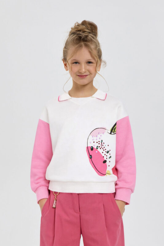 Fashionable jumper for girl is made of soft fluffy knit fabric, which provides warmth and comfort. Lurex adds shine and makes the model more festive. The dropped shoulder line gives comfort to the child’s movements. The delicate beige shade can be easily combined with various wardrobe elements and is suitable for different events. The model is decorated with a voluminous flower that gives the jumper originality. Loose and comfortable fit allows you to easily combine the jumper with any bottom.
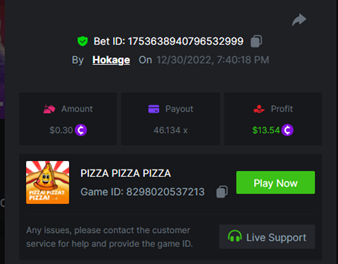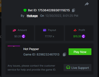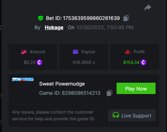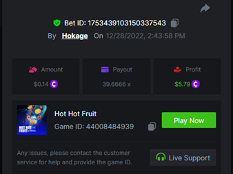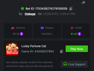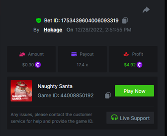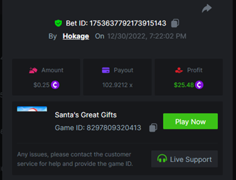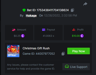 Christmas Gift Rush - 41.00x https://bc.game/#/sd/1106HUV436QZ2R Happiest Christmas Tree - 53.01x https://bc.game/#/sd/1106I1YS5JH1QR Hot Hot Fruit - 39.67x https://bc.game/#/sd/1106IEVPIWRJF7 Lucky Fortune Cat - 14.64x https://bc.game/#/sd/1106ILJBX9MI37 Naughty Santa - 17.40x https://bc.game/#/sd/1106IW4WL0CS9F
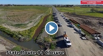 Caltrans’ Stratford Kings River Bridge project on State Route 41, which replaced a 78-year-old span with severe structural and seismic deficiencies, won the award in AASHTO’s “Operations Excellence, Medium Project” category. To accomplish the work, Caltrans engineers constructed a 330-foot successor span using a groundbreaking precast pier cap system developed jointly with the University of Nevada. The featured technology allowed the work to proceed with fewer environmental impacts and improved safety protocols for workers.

◆ Your instructions
Produce the material above again in full, with identical lines and no pictures.

◆ Finished exercise
 Fashionable jumper for girl is made of soft fluffy knit fabric, which provides warmth and comfort. Lurex adds shine and makes the model more festive. The dropped shoulder line gives comfort to the child’s movements. The delicate beige shade can be easily combined with various wardrobe elements and is suitable for different events. The model is decorated with a voluminous flower that gives the jumper originality. Loose and comfortable fit allows you to easily combine the jumper with any bottom.
 Christmas Gift Rush - 41.00x https://bc.game/#/sd/1106HUV436QZ2R Happiest Christmas Tree - 53.01x https://bc.game/#/sd/1106I1YS5JH1QR Hot Hot Fruit - 39.67x https://bc.game/#/sd/1106IEVPIWRJF7 Lucky Fortune Cat - 14.64x https://bc.game/#/sd/1106ILJBX9MI37 Naughty Santa - 17.40x https://bc.game/#/sd/1106IW4WL0CS9F
 Caltrans’ Stratford Kings River Bridge project on State Route 41, which replaced a 78-year-old span with severe structural and seismic deficiencies, won the award in AASHTO’s “Operations Excellence, Medium Project” category. To accomplish the work, Caltrans engineers constructed a 330-foot successor span using a groundbreaking precast pier cap system developed jointly with the University of Nevada. The featured technology allowed the work to proceed with fewer environmental impacts and improved safety protocols for workers.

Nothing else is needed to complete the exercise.